• _Your task_
Set the pictures aside and write down, exactly as they appear, the lines from the one containing "明日香電子開發的技術利用無線" through the end of the material.

• _Supplied material_
^^^^^^^^

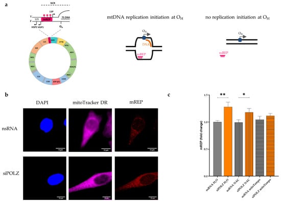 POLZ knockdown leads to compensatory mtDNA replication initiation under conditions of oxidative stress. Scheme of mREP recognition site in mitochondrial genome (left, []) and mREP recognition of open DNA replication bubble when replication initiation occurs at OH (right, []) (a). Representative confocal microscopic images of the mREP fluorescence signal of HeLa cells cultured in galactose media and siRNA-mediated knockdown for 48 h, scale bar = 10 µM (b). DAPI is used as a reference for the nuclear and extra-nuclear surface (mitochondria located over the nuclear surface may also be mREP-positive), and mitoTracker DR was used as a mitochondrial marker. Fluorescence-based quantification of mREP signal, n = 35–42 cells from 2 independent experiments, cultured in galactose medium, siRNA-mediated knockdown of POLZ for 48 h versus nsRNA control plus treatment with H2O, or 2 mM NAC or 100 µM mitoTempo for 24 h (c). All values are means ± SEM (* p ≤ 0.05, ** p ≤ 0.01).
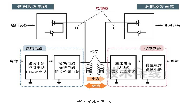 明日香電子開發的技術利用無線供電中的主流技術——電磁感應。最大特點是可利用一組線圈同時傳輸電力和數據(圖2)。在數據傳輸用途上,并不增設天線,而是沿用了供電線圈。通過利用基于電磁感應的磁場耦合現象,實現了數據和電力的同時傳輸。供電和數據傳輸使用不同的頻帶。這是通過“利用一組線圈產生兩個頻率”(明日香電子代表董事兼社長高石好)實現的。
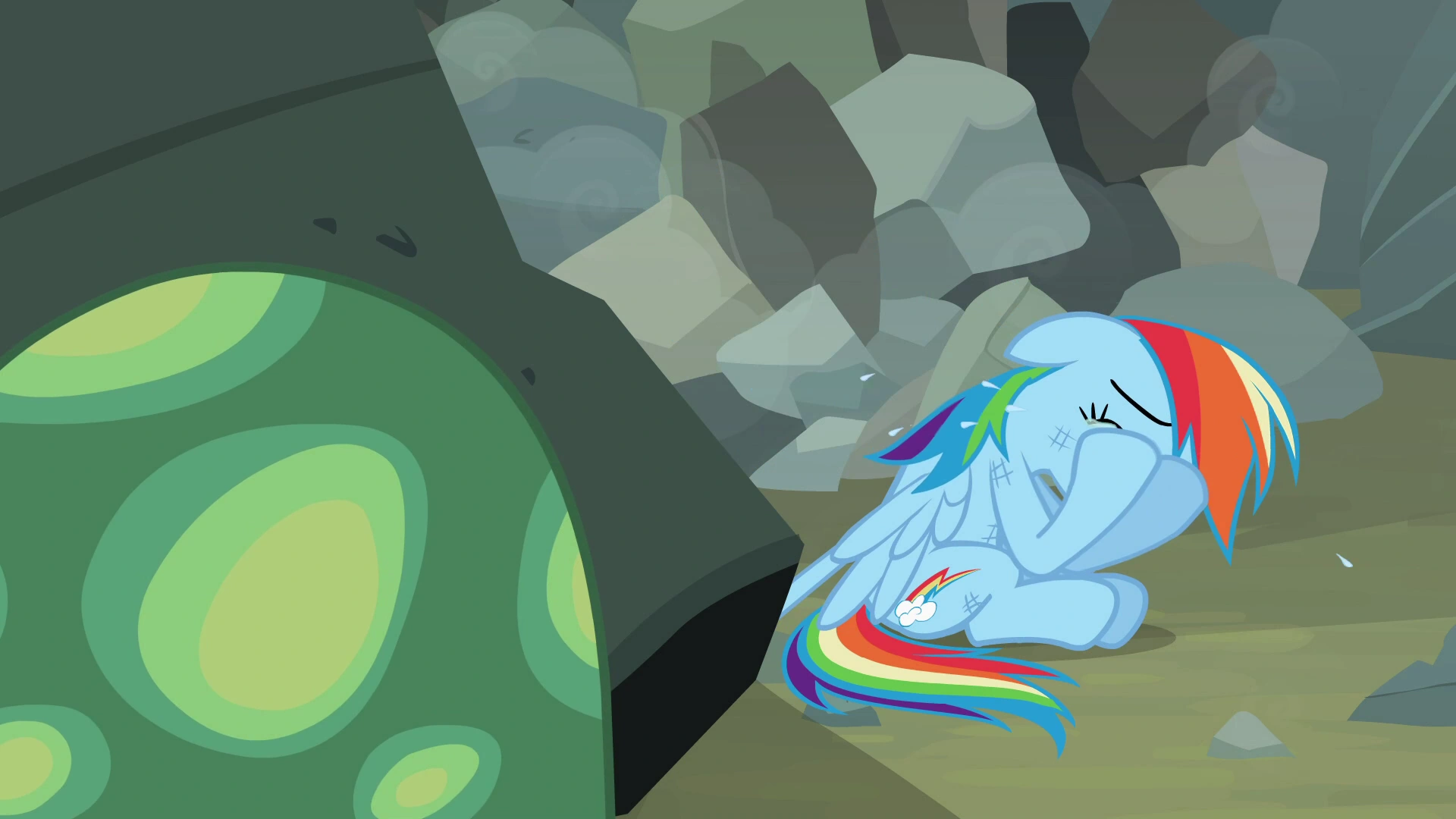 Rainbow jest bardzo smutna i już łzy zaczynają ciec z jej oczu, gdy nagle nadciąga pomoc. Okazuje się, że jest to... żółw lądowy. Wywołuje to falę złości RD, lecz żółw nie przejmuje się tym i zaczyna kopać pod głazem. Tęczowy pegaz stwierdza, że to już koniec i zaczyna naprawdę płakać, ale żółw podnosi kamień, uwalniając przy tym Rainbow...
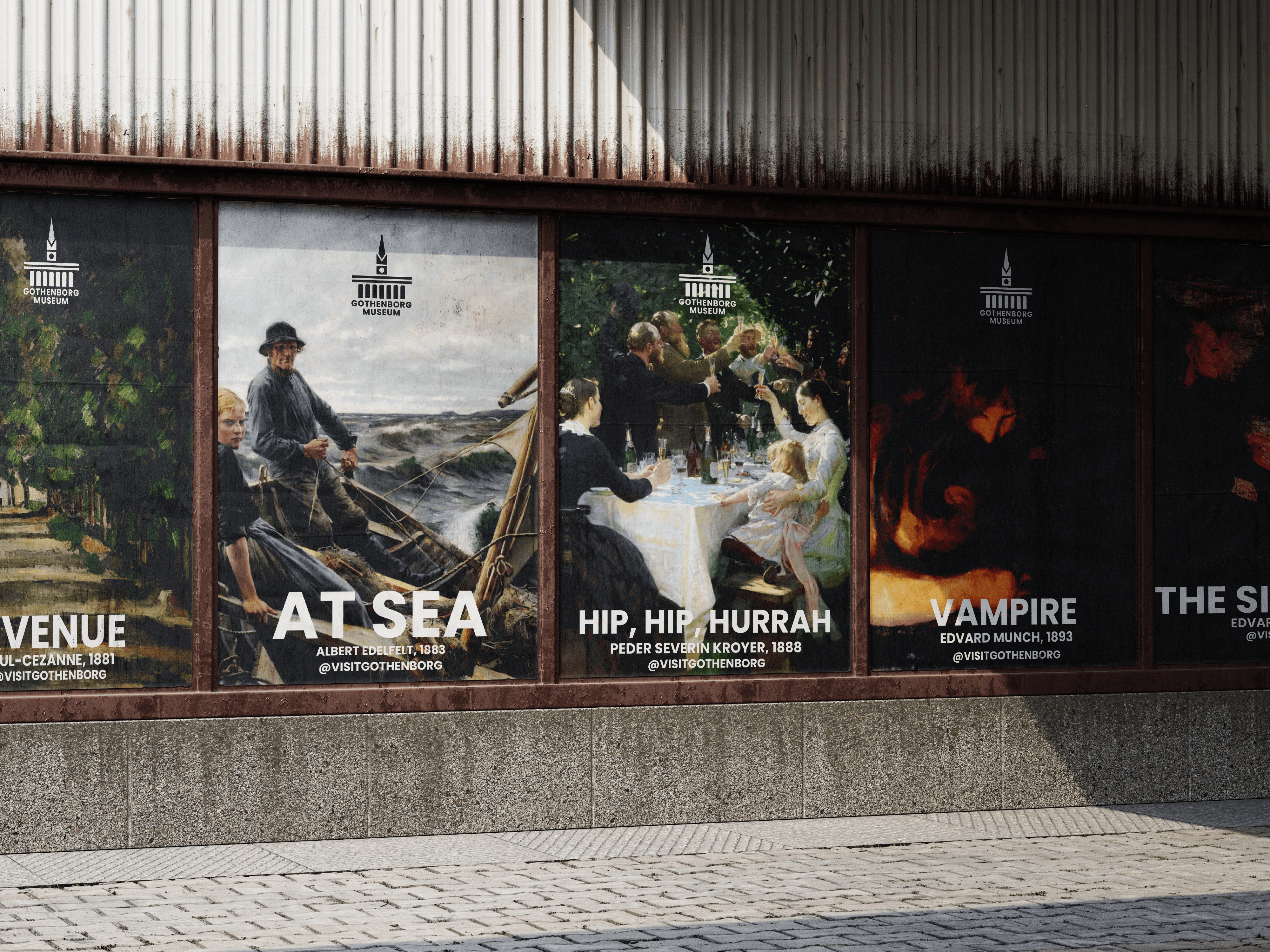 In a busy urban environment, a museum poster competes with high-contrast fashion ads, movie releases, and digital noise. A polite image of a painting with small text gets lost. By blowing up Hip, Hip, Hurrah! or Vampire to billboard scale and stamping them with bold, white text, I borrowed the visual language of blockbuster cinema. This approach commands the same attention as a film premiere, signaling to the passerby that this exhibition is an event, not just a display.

^^^^^^^^

• _Solution_
 明日香電子開發的技術利用無線供電中的主流技術——電磁感應。最大特點是可利用一組線圈同時傳輸電力和數據(圖2)。在數據傳輸用途上,并不增設天線,而是沿用了供電線圈。通過利用基于電磁感應的磁場耦合現象,實現了數據和電力的同時傳輸。供電和數據傳輸使用不同的頻帶。這是通過“利用一組線圈產生兩個頻率”(明日香電子代表董事兼社長高石好)實現的。
 Rainbow jest bardzo smutna i już łzy zaczynają ciec z jej oczu, gdy nagle nadciąga pomoc. Okazuje się, że jest to... żółw lądowy. Wywołuje to falę złości RD, lecz żółw nie przejmuje się tym i zaczyna kopać pod głazem. Tęczowy pegaz stwierdza, że to już koniec i zaczyna naprawdę płakać, ale żółw podnosi kamień, uwalniając przy tym Rainbow...
 In a busy urban environment, a museum poster competes with high-contrast fashion ads, movie releases, and digital noise. A polite image of a painting with small text gets lost. By blowing up Hip, Hip, Hurrah! or Vampire to billboard scale and stamping them with bold, white text, I borrowed the visual language of blockbuster cinema. This approach commands the same attention as a film premiere, signaling to the passerby that this exhibition is an event, not just a display.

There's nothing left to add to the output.